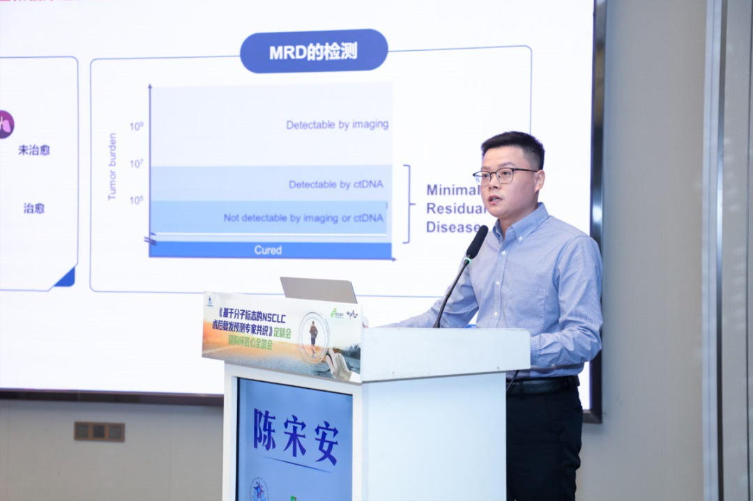 此外,作为预测早期复发风险的重要分子标志物,MRD检测在NSCLC复发管理中具有重要的价值。燃石医学陈宋安博士分享了《MRD在NSCLC的临床价值及进展》,对MRD在NSCLC不同阶段中的应用现状、价值以及未来应用的展望进行了充分介绍。
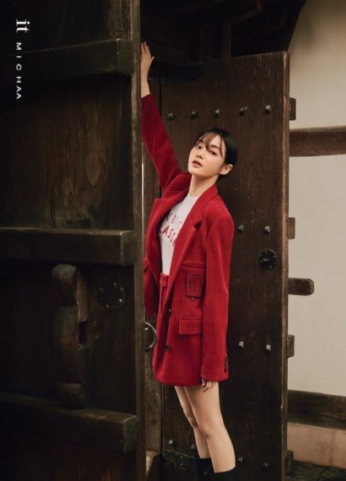화보 속 홍수주는 언발란스 포켓과 탈부착 가능한 와펜이 달린 레드 컬러 코듀로이 소재 셋업을 멋스럽게 입거나 은은한 메탈 소재의 고급스럽고 우아한 매력이 담긴 원피스를 매치하여 그녀만의 단아하고 고급스러운 무드로 완벽 소화했다.
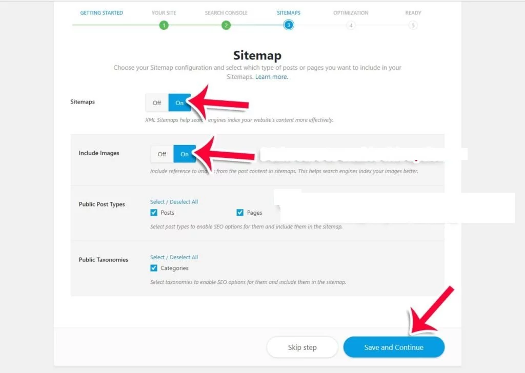 6- بعد الانتهاء من كافة الخطوات الـ5 السابقة سيكون عليك إنشاء خريطة لموقعك على إضافة Rank Math SEO لأنها تعتبر من أهم الخطوات التي ستساعد في بنية المحتوى الخاص بك وتحسين ظهوره على محركات البحث وخاصة جوجل، وما عليك سوى القيام بتشغيل خاصية Sitemap، ثم تأكد من تشغيل أيضًا خاصية “تضمين صورة” لأن فهرسة صورة المدونة الخاصة بك ستساعدك في الحصول على المزيد من الزيارات على موقعك.
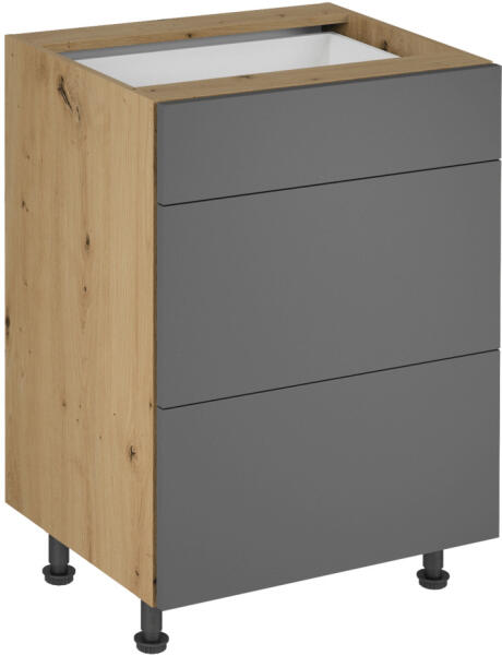 Anyag: laminált DTD Szín: artisan tölgy/szürke matt Méretei (SzéxMéxMa): 60x47x82 cm Ajtók anyagvastagsága (artisan tölgy): 1,5 cm MDF (szürke) vastagsága: 1,8 cm Az PUSH OPEN rendszerben 3 fiók Munkalap nélkül szállítva Alsó léc nélkül szállítva A belső oldal színe: fehér Bontásban szállítva. Az artisan tölgy munkalap ára 30 900 Ft vastagsága 38 mm, a fekete vulkán munkalap ára 35 500 Ft/ vastagsága 38 mm. Az alsó léc ára 4 900 Ft/1 m vagy 9 800 Ft/ 2 m. A 47 cm vagy 58 cm mélységű lábazatzáró elem ára 2 500 Ft. Minden alsó szekrényhez kell rendelni az alsó léchez tartólábat 500 Ft/2 db. A D60S3 és D40S3 szekrényekhez fogantyúval vagy Push Open rendszerrel ellátott szekrényt kell választani.
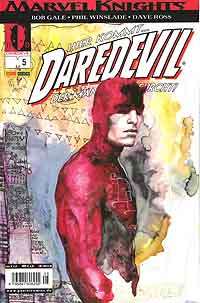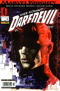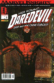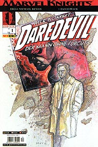 Link zur Ausgabe #2, #3, #4, #5 Daredevil #1, erschienen im Februar 2002 bei Panini (Marvel Knights) Autor: Brian Michael Bandis, Zeichner: David Mack (mit Unterstützung von Mark Morales), Übersetzung: Lisa Pancaldi Reporter Ben Urich versucht das Geheimnis eines Kindes zu entschlüsseln, das sich nach einem scheinbar traumatischen Ereignis in eine Fantasiewelt begeben hat. Der Junge ist der Sohn eines unbedeutenden Superschurken. Sein Vater, der Leap Frog, ist aber scheinbar spurlos verschwunden und so muß Urich versuchen herauszufinden, was es mit den Fantasiekämpfen auf sich hat, die sein Sohn beschreibt. In diesen Kämpfen schlägt sich Daredevil mit einem gewissen Fury. Eine Daredevil-Geschichte fast ohne Daredevil, dafür aber mit unserem Lieblingsreporter des Daily Bugle Ben Urich. Und da die Action in dieser Geschichte auch ziemlich kurz kommt, können wir uns auf die hervorragenden Dialoge von Bandis und die ausgefallenen und einfach unglaublich ausgefeilten Bildwelten von David Mack konzentrieren. So zeigen die Daredevil-Verantwortlichen, was ein Superheldencomic alles sein kann. Da scheint vieles, was wir gerade an Superheldenkost konsumiert haben, reine Zeitverschwendung gewesen zu sein. Doch würde wohl jeder so zeichnen wie David Mack, dann würde auch seine Kunst wohl irgendwann sehr langweilig werden. Wenn ich darüber nachdenke, dann glaube ich diesen Worten aber nicht so richtig. Ich versuche mich nur gerade dafür zu entschuldigen, daß ich soviel Zeit mit total simplen, wenn auch teils unterhaltsamen Bildgeschichten vergeude. Na ja, in letzter Zeit lese ich auch wieder viel in Büchern und mein Gott, es gibt Schlimmeres. "Gute Zeiten, schlechte Zeiten", "TV-Total", "Fomel 1 - Rennen" gucken oder so was. Auf jeden Fall freue ich mich jetzt schon gewaltig auf die nächste Ausgabe und ich versuche in meinen grafischen Arbeiten etwas von der Kunst des David Mack einfließen zu lassen. Grafiker und Gestalter können von diesem nämlich eine Menge lernen. Daredevil #2, erschienen im Mai 2002 bei Panini (Marvel Knights) Autor: Brian Michael Bandis, Zeichner: David Mack, Übersetzung: Lisa Pancaldi Ben Urich muß einen Schritt weiter gehen, um das Geheimnis zu lüften, das Timmy, den Sohn des Superschurken Leap Frog, umgibt. Dieser Junge ist in einem Schockzustand gefangen und er drückt sich und seinen inneren Kampf nur durch Zeichnungen aus, in denen es zwischen Daredevil und einer anderen Gestalt zu einem Kampf kommt. Ben ist so versessen darauf, hinter dieses Geheimnis zu kommen, daß er sogar seine Arbeit an einem sehr wichtigen Gerichtsprozeß vernachlässigt, was seinen Boß J. Jonah Jameson gar nicht gut finden wird. Doch der Reporter muß von Daredevil persönlich erfahren, was damals passiert ist. Doch auch dieser kann, als er ihm von seinem letzten Kampf gegen den Leap Frog erzählt, nicht alles aufklären. Es muß noch etwas anderes passieren. Hier wird nicht nur eine interessante kleine Geschichte erzählt, Bandis erklärt uns auch herausragend, wie die Figur des Reporters mit der des Helden verknüpft ist. Dabei honoriert er vollkommen die Arbeit, die Frank Miller an dieser Comicfigur geleistet hat. Doch vielmehr faszinieren mich wieder die herausragenden Comicseiten, die ein herausragender Ausnahmekünstler namens David Mack hier geschaffen hat. Es ist seine Kunst, die aus dem Komponieren und Verbinden verschiedener Stile besteht und mit der er sich meilenweit von der Dutzendware des Üblichen absetzt. Schade, daß ab der nächsten Ausgabe wieder andere Kreative am Werk sind. Eigentlich sollte jedes Comic so gut sein wie dieses. Doch dann gäbe es wohl auch keine Ausnahmekünstler mehr. Daredevil #3, erschienen im Juli 2002 bei Panini (Marvel Knights) Autor: Bob Gale, Zeichner: Phil Winslade & James Hodgkins, Übersetzung: Frank Borsch Matt Murdock erhält von einem sehr reichen Mann, der für seine Wohltätigkeit bekannt ist, das Angebot, Daredevil zu verklagen. Angeblich hätte Daredevil im Kampf gegen zwei Ninjas das Gewächshaus von Samuel Griggs total zerstört und wäre dann einfach wieder verschwunden. Griggs glaubt, daß man dem verantwortungslosen Handeln der kostümierten und maskierten Helden endlich Einhalt gebieten muß. Matt Murdock muß darüber nachdenken. Griggs hat bei seinen Ausführungen nicht gelogen. Er glaubt wirklich, daß Daredevil sein Gewächshaus zerstört hat, doch Matt weiß, daß Daredevil niemals dort war. Ist noch jemand anderes als Daredevil unterwegs? Außerdem wird ein alter Gegner von Daredevil aus dem Gefängnis entlassen. Der Jester ist wieder auf freien Füßen und auch er hat bald wieder einen großen Auftritt. Bob Gale, der Autor dieser Geschichte, die in der nächsten Ausgabe ihren Abschluß findet, ist eigentlich Drehbuchautor und er hat mit "Zurück in die Zukunft" einen echten Kinohit geschrieben. Hier entpuppt er sich als ein Autor, der mehr auf einfache Art seine Geschichte erzählt, die viel Aufmerksamkeit auf die Person des Matt Murdock verwendet und Daredevil nur am Rande auftauchen läßt. Dafür erhalten auch alle Personen um Matt Murdock herum wieder etwas mehr Aufmerksamkeit, außerdem wird eine neue Mitarbeiterin eingeführt.. Phil Winslades Arbeit finde ich, nachdem ich seine Zeichnungen in der "Spider-Man/Daredevil" Serie ja etwas zu simpel fand, hier wieder besser und sie erinnern mich auch sehr stark an die eines alten Meisters namens Gene Colan. Daredevil #4, erschienen im September 2002 bei Panini (Marvel Knights) Autor: Bob Gale, Zeichner: Phil Winslade & David Ross, Übersetzung: Frank Borsch Noch immer verlangt der Millionär Samuel Griggs von Daredevil eine Entschuldigung und er möchte auch etwas Geld als Schadensersatz haben, das er aber für einen guten Zweck spenden will. Und damit Griggs sein Recht bekommt, hat er die Anwälte Murdock und Nelson beauftragt. Nun bekam Daredevil zu seiner eigenen Überraschung von Jester, einem seiner alten Gegner, eine Gerichtsvorladung überreicht. So is
......
* Instructions to follow
Stop at the line containing "화보 속 홍수주는 언발란스" and include it. Everything from the first line of the material up to there is to be repeated exactly, leaving out pictures.

* Response to this exercise
 此外,作为预测早期复发风险的重要分子标志物,MRD检测在NSCLC复发管理中具有重要的价值。燃石医学陈宋安博士分享了《MRD在NSCLC的临床价值及进展》,对MRD在NSCLC不同阶段中的应用现状、价值以及未来应用的展望进行了充分介绍。
화보 속 홍수주는 언발란스 포켓과 탈부착 가능한 와펜이 달린 레드 컬러 코듀로이 소재 셋업을 멋스럽게 입거나 은은한 메탈 소재의 고급스럽고 우아한 매력이 담긴 원피스를 매치하여 그녀만의 단아하고 고급스러운 무드로 완벽 소화했다.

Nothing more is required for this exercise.